AI model weights are the core artifact that determines an agent's behavior. If an attacker can modify model weights at any point in the supply chain (during training, storage, distribution, or deployment), they can alter the agent's behavior in ways that bypass all other safety controls. Supply chain security for model weights protects this critical artifact from tampering.

The Threat

A tampered model might behave normally on standard benchmarks but contain a backdoor that activates on specific trigger inputs. It might subtly degrade safety classifier accuracy, allowing more harmful content through. Or it might exfiltrate data through steganographic channels in its outputs.

These attacks are particularly dangerous because they are invisible to operators who test the model on standard evaluations. The model passes all checks until the trigger condition is met.

Provenance Tracking

Track the origin and history of every model artifact:

  • Who trained the model and when?
  • What training data was used?
  • What training infrastructure was involved?
  • Who has had access to the weights since training?
  • What modifications (fine-tuning, quantization, pruning) have been applied?
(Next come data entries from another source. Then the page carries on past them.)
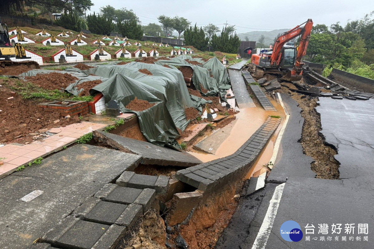 受「風神颱風」外圍環流及東北季風共伴影響,桃園地區連日降雨不斷。蘆竹生命紀念園區21日發生土葬區忠區坍方,造成墓基與道路受損,受影響墓座共計5門。蘆竹區公所接獲通報後,第一時間啟動應變機制,並聯繫家屬,於現場進行安全圍設及災損控管,確保現場安全。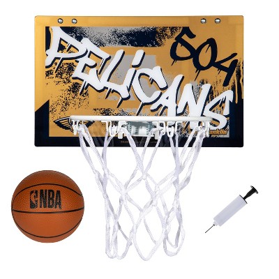 - FULL SET INCLUDED: This NBA set comes complete with (1) over the door hoop, (1) 5" mini basketball, and (1) air pump so you have everything you need to get the game started!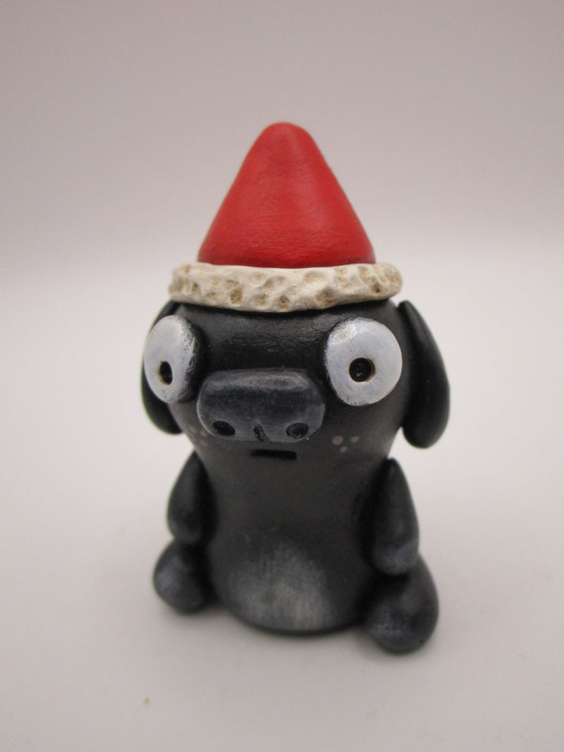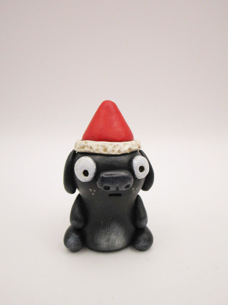 Just shy of 2 inches tall. Cute black pup wearing a Santa hat. Lovely "wet" eyes and nose.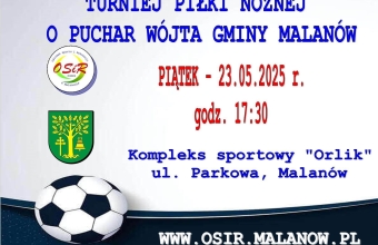 Ośrodek Sportu i Rekreacji w Malanowie zaprasza wszystkie chętne drużyny do udziału w Turnieju Piłki Nożnej o Puchar Wójta Gminy Malanów 2025 Turniej odbędzie się 23 maja 2025 r. (piątek) o godz. 17:30 na obiekcie sportowym ORLIK przy ul. Parkowej 29 w Malanowie. Zgłoszenia przyjmowane są do 22 maja 2025 r. do godz. 15.00 Zapisy przyjmowane są:- w biurze OSiR Malanów przy ul. Parkowej 29 w Malanowie (I piętro Sali sportowej) - poprzez e-mail: sport@malanow.pl PG...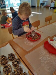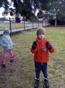 Misie i Sarenki wykonały dla ptaszków szyszki ze smalcem i ziarnami uwielbianymi przez naszych skrzydlatych przyjaciół. Z pomocą pań zwiesiły je na drzewach w przedszkolnym ogrodzie. Mamy nadzieje, że ptaki przylecą do nas i poczęstują się przygotowanymi smakołykami.
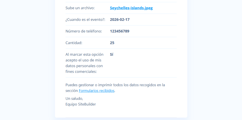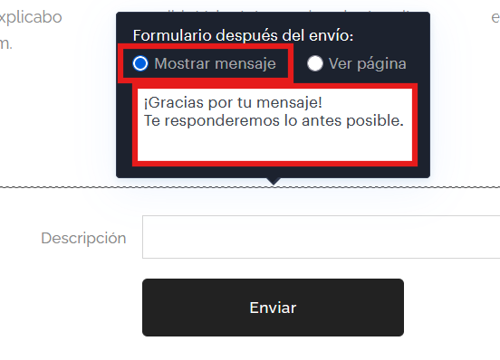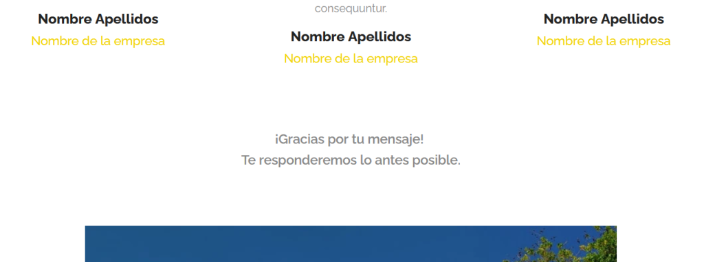 Y tras enviar el formulario, al visitante le aparecerá el mensaje que hayas escrito en el recuadro: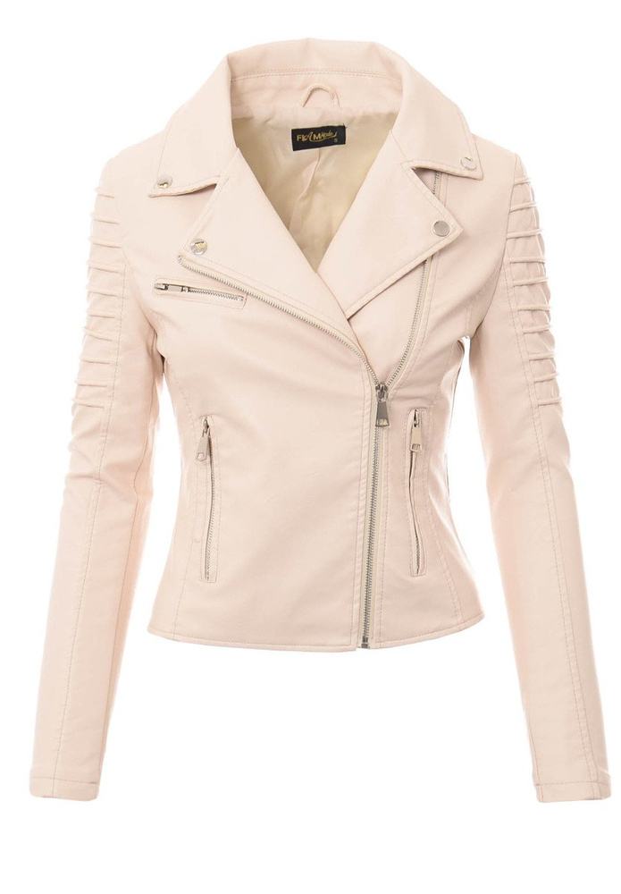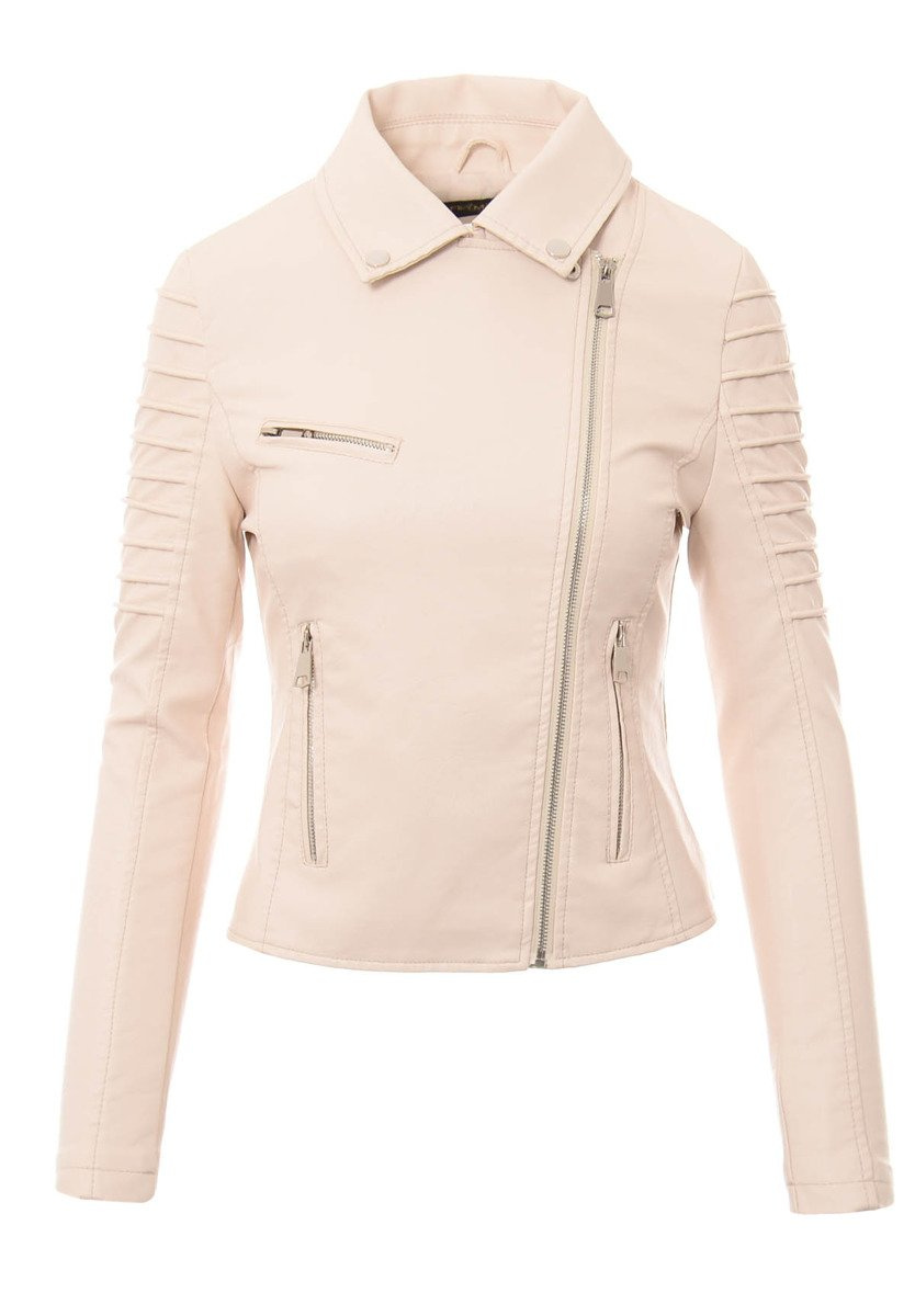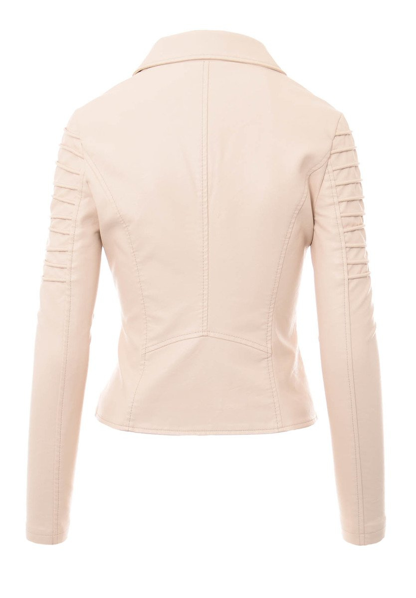 Piękna damska kurtka ramoneska w kolorze beżowym. Ramoneska zasuwana jest na ukośny suwak. Kurtka posiada podwójny kołnierz ozdobiony napami. Ramoneska posiada dwie kieszenie kieszenie na dole zasuwane na suwaki oraz jedną atrapę na piersi. Taliowany krój kurtki idealnie dopasowuję się i podkreśla kobiecą sylwetkę. Suwaki w kurtce są w kolorze srebrnym. Ramoneska rewelacyjnie sprawdzi się w wielu wiosennych stylizacjach. Kurtka wykonana jest z wysokiej jakości eko-skóry.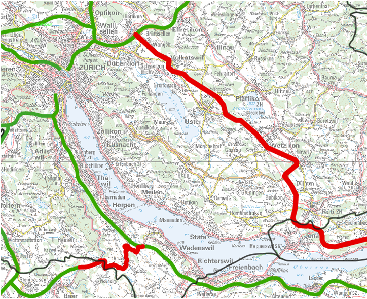- Kantonsgrenze ZG - Hirzel - Wädenswil des Abschnitts Baar - Hirzel - Wädenswil mit 8,3 Kilometern Länge. Die Aufnahme des Abschnitts in den Netzbeschluss schliesst eine bestehende Lücke zur besseren Anbindung von Luzern/Zug an die Region Rheintal/Vorarlberg. Ausserdem bietet die Strecke eine Netzredundanz zur Umfahrung von Zürich West, was das Verkehrsmanagement erheblich erleichtert.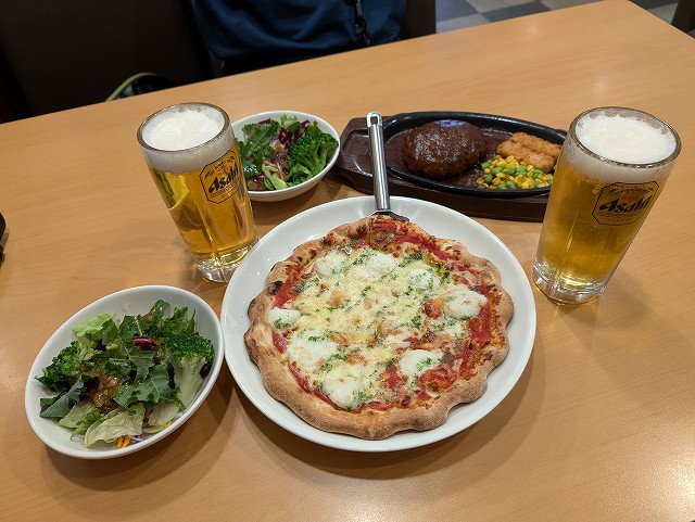 ガストは半額クーポンで生ビールとチーズインハンバーグとピザ、その他サラダ等も。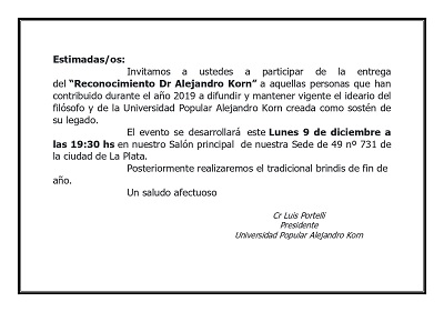 El evento se desarrollará este lunes 9 de diciembre a las 19:30 hs en nuestro Salón principal de nuestra Sede de 49 nº 731 y en esta oportunidad serán reconocidos: Dr Osvaldo Graciano, Sra Cristina Espinosa, Sra Gladys Caporal, Dr Gabriel Chapunov, Lic Inka von Liden, Prof Adrián Adrian Celentano, Lic Damián Stiglitz, Sr. Ricardo Cadenas, Sr Henry Stegmayer, Sr Facundo Gabriel Adorno , Maria Jose Pinardel y Linet Zaragoza.
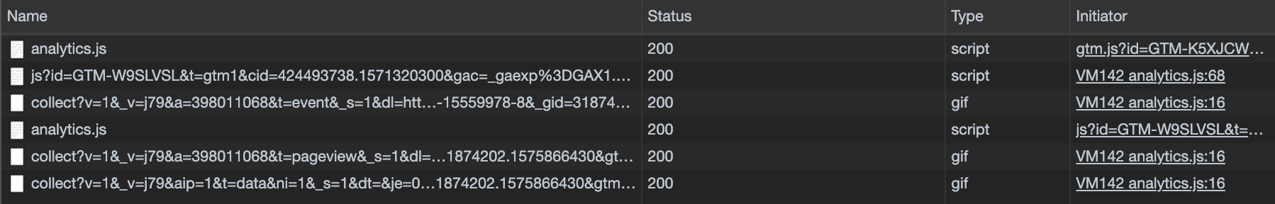 查看“网络”选项卡中的“启动器”选项卡,因为它看起来像是从几个不同的地方调用的analytics.js。即- gtm.js?id...和js?id....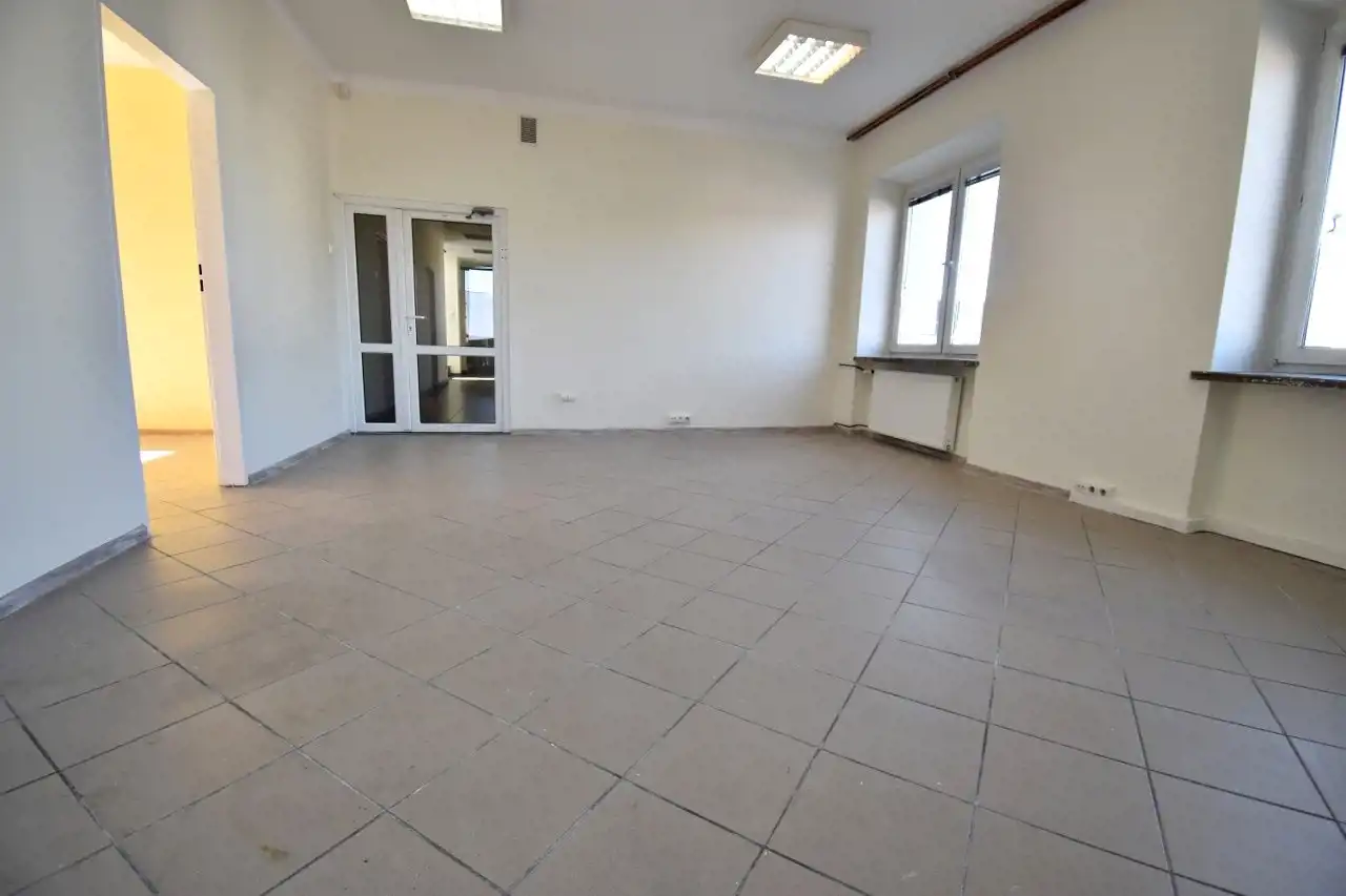For rent: an office/service unit with an area of approx. 42 m2, located on the ground floor of a one-storey office building on Łódzka Street.
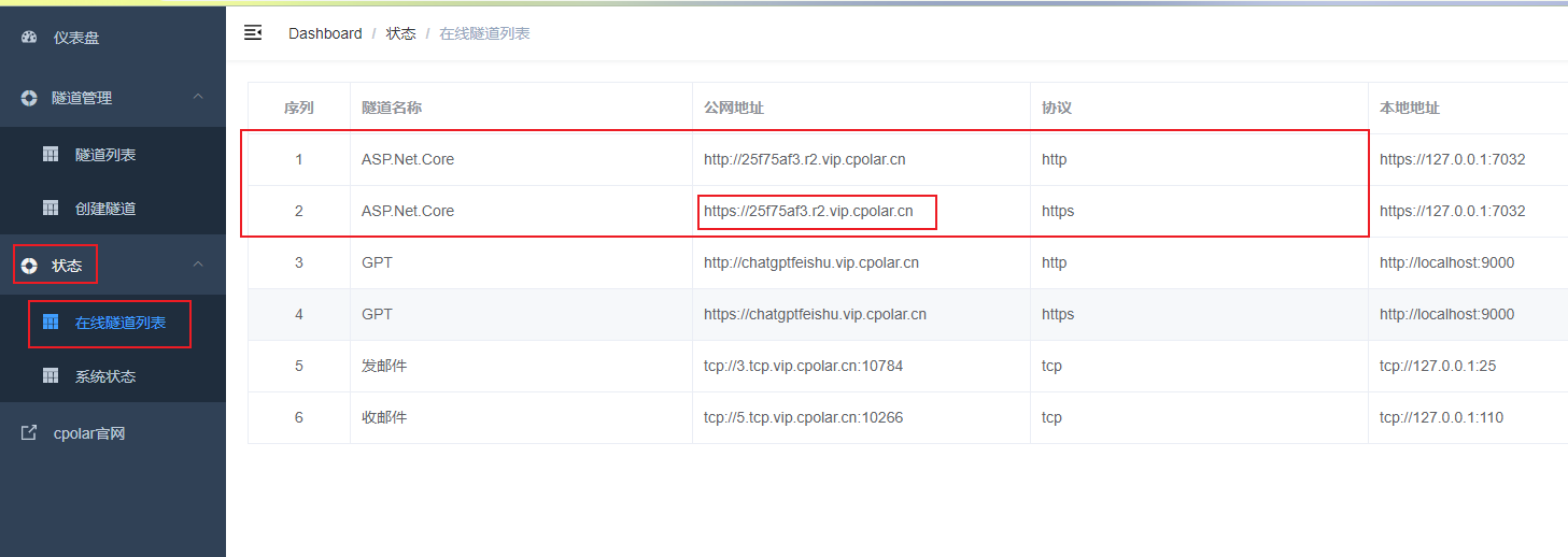 隧道創(chuàng)建成功后,點擊左側(cè)的狀態(tài)——在線隧道列表,查看所生成的公網(wǎng)地址,有兩種訪問方式,一種是http 和https
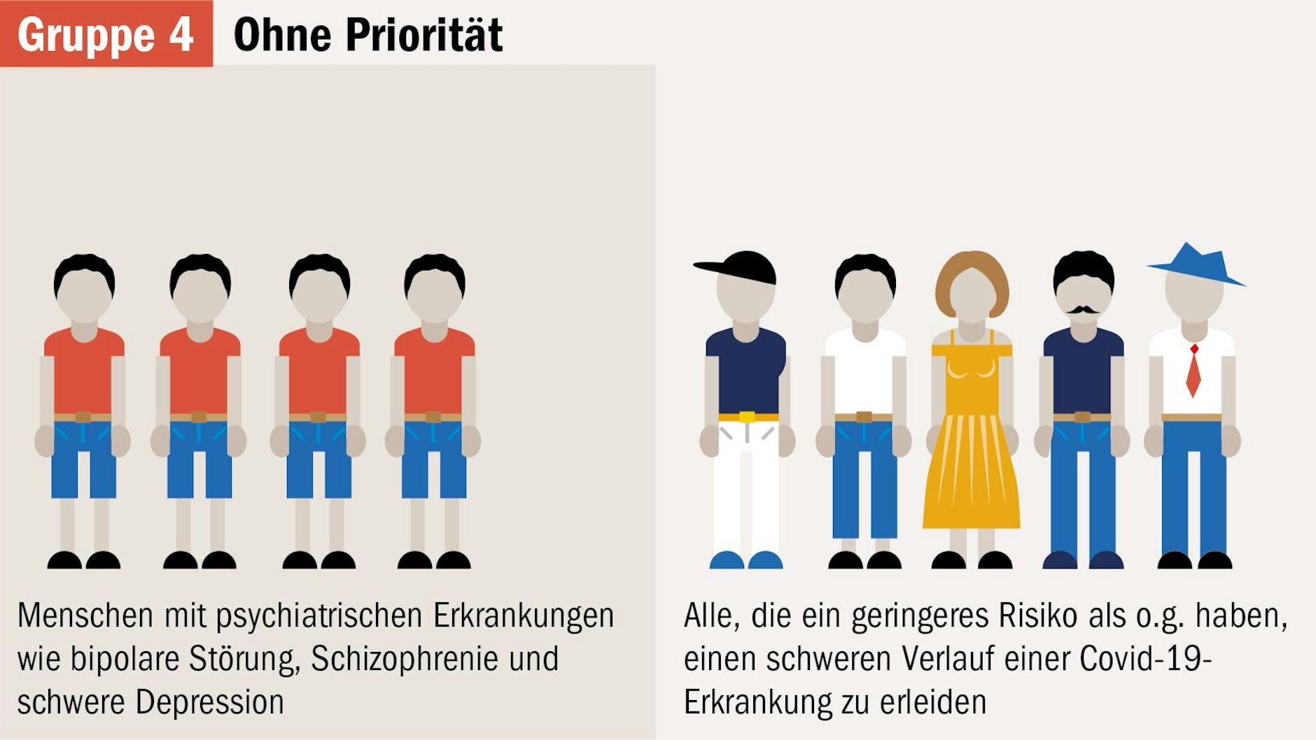 Die Gruppe 4 umfasst Menschen mit psychiatrischen Erkrankungen wie bipolare Störung, Schizophrenie und schwere Depression. Diese Personen haben laut Stiko häufiger einen schwereren Covid-19-Krankheitsverlauf und auch ein erhöhtes Risiko an Corona zu versterben. In der Stiko-Impfempfehlung werden sie zur Gruppe mit Menschen mit Vorerkrankungen gezählt, in der Impfverordnung des Bundesgesundheitsministeriums wurden sie allerdings nicht berücksichtigt und rutschen deshalb in die vierte Gruppe.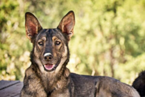Mauly was picked up by one of our volunteers from a Belgian Malinois rescue in the central valley in California in 2022. She is a “no-content” wolf-dog who thinks she’s a wolf. Our volunteer was told that she was 6 months old, but it was clear that she had already had pups. We aren’t quite sure of her age but she was very much still a puppy.

Store provenance metadata alongside the model weights. Use a tamper-evident format so that provenance cannot be altered without detection.

Integrity Verification

Compute cryptographic hashes of model weights at every stage of the pipeline. Verify hashes when weights are loaded for inference. Any mismatch indicates tampering or corruption.

model_manifest:
  name: "safety-classifier-v3"
  hash: "sha256:a1b2c3d4..."
  signed_by: "training-pipeline@company.com"
  signature: "..."
  training_date: "2025-12-15"
  training_data_hash: "sha256:e5f6g7h8..."

Secure Distribution

Distribute model weights through authenticated channels. Use signed URLs, checksum verification, and TLS for transit security. When pulling models from public registries, verify the publisher's identity and the model's signature before deployment.

Access Controls

Restrict who can write to model storage. Use separate credentials for training pipelines (write access) and inference runtimes (read-only access). Log all access to model storage.

Runtime Verification

At inference startup, verify model weight hashes against the expected values from the manifest. If verification fails, refuse to start the agent. Authensor's health check patterns can include model integrity verification as a startup check.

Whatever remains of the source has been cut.